Evolving technologies for downhole separation-downhole water sink technology, downhole oil water separation technologies, and downhole gas/water technologiesare providing operators with additional options for managing water. Applied in the proper environment, these technologies can be profitable, although field results indicate that there is still significant risk in their application.

KEY WORDS:

Downhole water separation, DWS (Downhole Water Sink), DOWS (Downhole Oil Water Separation), DGWS (Downhole Gas/Water Separation), Produced water management

SPEAKERS

Downhole Water Separation Techniques and Tools
Jeff Knight , Baker Hughes/Centrilift

Nebo-Hemphill Case Study-DWS
Mark Swisher, Aviara Energy Corporation

Performance of DWS Technology, Andrew Wojtanowicz, LSU

Design of DWS Wells, Ephim Shirman , LSU

Status & DOE Funding Opportunities for DOWS
John Veil, Argonne National Lab

Downhole Water Management
Ali Daneshy, Daneshy Consultants Intnl.

Downhole Gas/Water Separation, Jon Rudolph, GRI

Downhole Water Separation with Beam/Rod Pumping Tools
Jeff Miller, DHI Inc.

TECHNOLOGY OVERVIEW

The four cornerstones of a water management strategy include: (1) understanding reservoir structure and heterogeneity, (2) achieving a successful well completion, (3) knowing costs and components of handling water, and (4) knowing applicable regulations. Selective completions and/or water shutoff treatments are one option, but technology advancements have made downhole separation another viable option-for both oil and natural gas wells.

Downhole Water Sink. DWS technology is an alternative for controlling water production in wells producing hydrocarbons from reservoirs with bottom water drives and strong tendencies for water coning (good vertical communication is assumed). With DWS, a well is dually completed for oil production (upper completion) and water drainage (lower completion or water sink) with the two completions separated by a packer. Basically, by adjusting rates of both the upper (oil) and lower (water) completions, one controls the position of the interface at the wellbore and the resulting fluid cuts in each completion. Quality of the drained formation water depends upon DWS completion design and rate adjustment.

DWS drainage-production systems produce water to surface. Systems can be operated in the clean water range, where oil free water is produced from the lower completion. Alternatively, they can be operated for maximum oil production where the upper completion produces water-free oil while some oil may be produced in the lower water sink completion. In drainage-injection systems, the drained water, free from oil contamination, is reinjected in the same well without being produced to surface. The water drainage pump may return the water to the same aquifer (lower in the zone) or into a deeper injection zone.
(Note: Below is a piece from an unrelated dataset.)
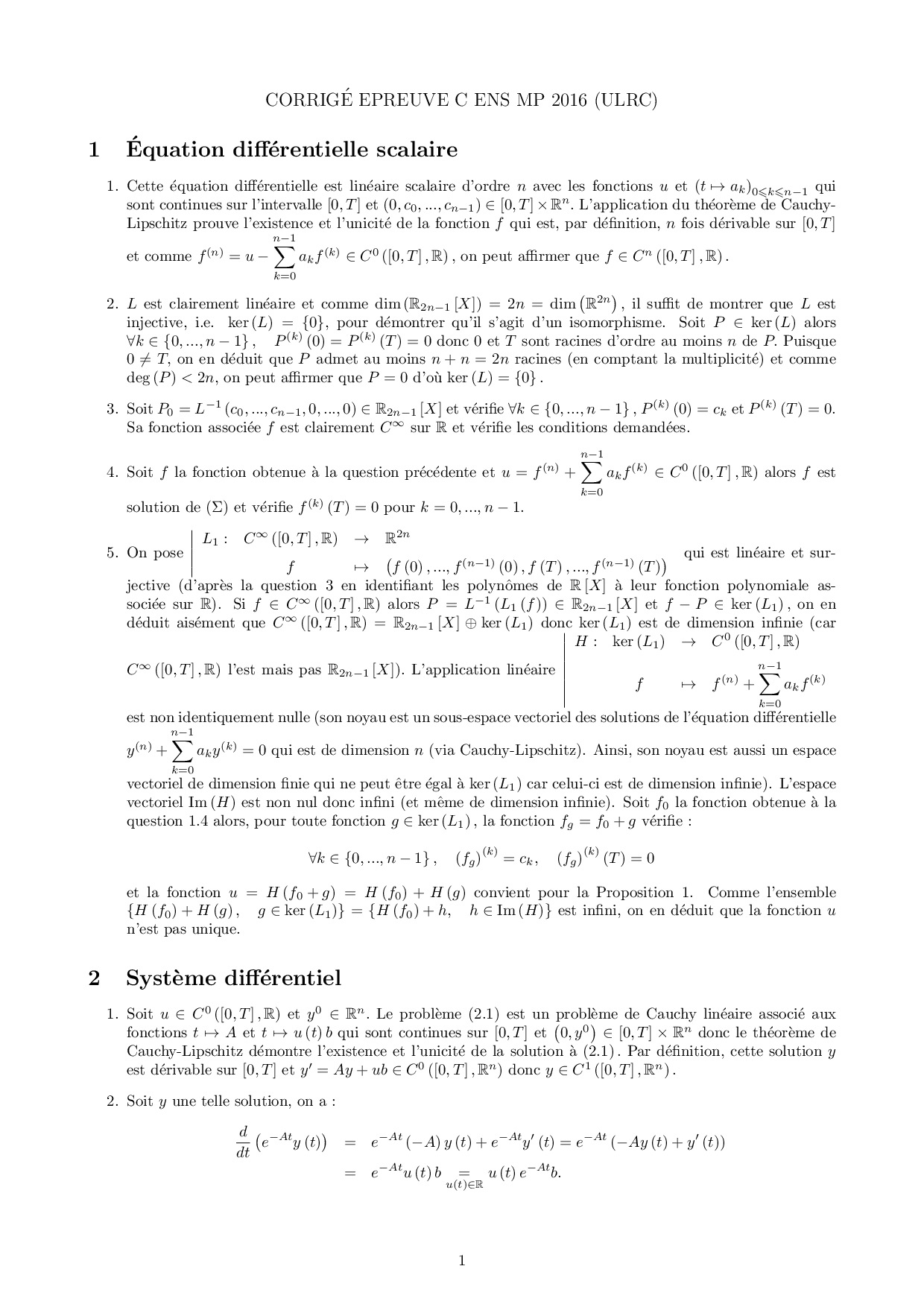 X-ENS MP 2016 Maths 3 Corrigé

In a joint project with industry, Louisiana State University has implemented a DWS initiative, currently having nine member companies. The initiative conducts laboratory modeling research and encourages/monitors field applications.

Five field applications are noted to date:

Performance in most field tests to date (with exception of the Hunt Petroleum well) has been complicated by having been tried in older, conventionally-completed marginal wells that have produced at high water cut for some time. In this situation, the water sink must first drain water saturation around the top completion-a slow process requiring considerable pressure drawdown. Therefore, performance has been mostly proven by laboratory and modeling efforts. Modeling work indicates that a 30% increase in the recovery factor is achievable with a five-fold reduction of the time required to reach the limiting 98% water cut. However, this accelerated recovery requires a 3.5-fold increase in the total water production. Modeling work clearly indicates that the primary advantage of DWS technology is the flexibility in controlling the process, plus higher oil rates, rapid recoveries, and greater recovery factors. Optimization on several parameters, such as maximum recovery, minimum time, or minimum cumulative water, is possible.
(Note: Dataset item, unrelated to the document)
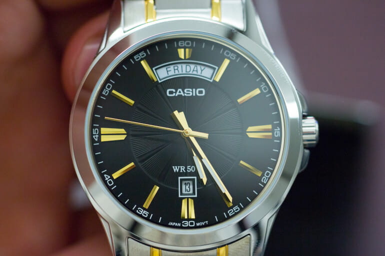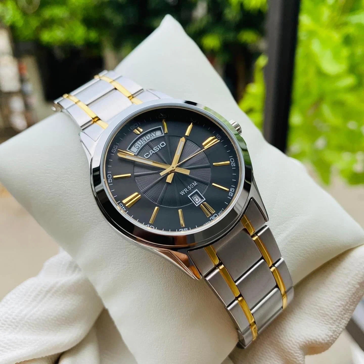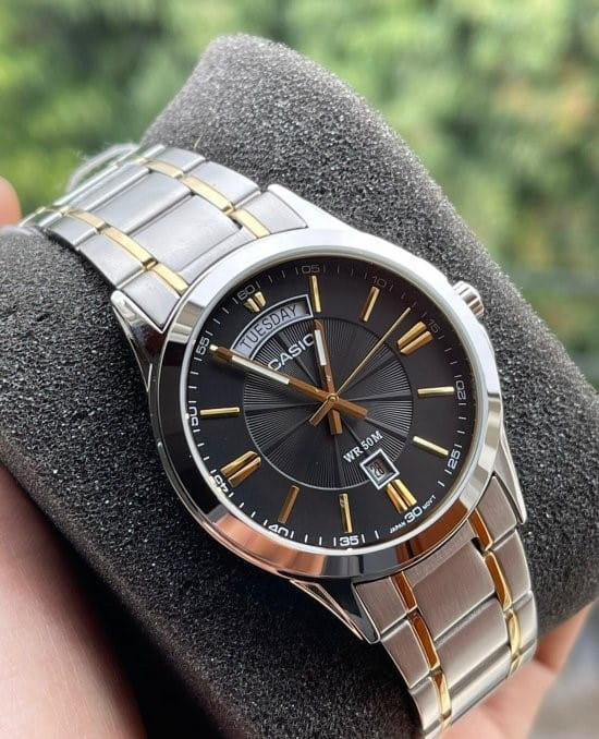 Японские мужские наручные часы с минеральным стекломМинеральное стеклоМинеральное стекло представляет собой искусственно выращенный минерал кварца. Такое стекло отличается особой устойчивостью к повреждениям и царапинам. Уступает по некоторым качествам сапфировому стеклу. Casio MTP-1381G-1A, кварцевый механизм с высокой точностью. Класс водозащиты: 50 метров, позволит защитить корпус от случайных брызг или капель дождя. Корпус часов изготовлен из стали. Стальной браслет на раскладной застёжкеРаскладная застёжкаТакой тип застёжки используется только на браслетах из металла. Она никогда не раскрывается полностью, происходит разделение на 2 и более частей. Раскладывающая застёжка снизит вероятность потери часов к минимуму. с IP-покрытиемIP-покрытиеМетод ионного напыления. Демонстрирует повышенную устойчивость к истиранию, окислению и химическим веществам. Под воздействием высокого давления и температуры около 1500°C молекулы металла надёжно соединяются с частицами корпуса часов.. Окошко даты находится в положении 6 часов.

Downhole Oil/Water Separation. The opportunity to accelerate oil production provides the primary incentive for DOWS, although potential reduction in operating expense, water handling, and lifting costs are important secondary incentives. DOWS equipment takes two basic approachesgravity separation using rod pumps or enhanced gravity separation using hydrocyclones. Gravity separation systems, which are applicable for lower water volumes, cost from $15,000 to more than $100,000. Hydrocyclone systems, which are applicable for higher water volumes, cost from $90,000 to more than $300,000.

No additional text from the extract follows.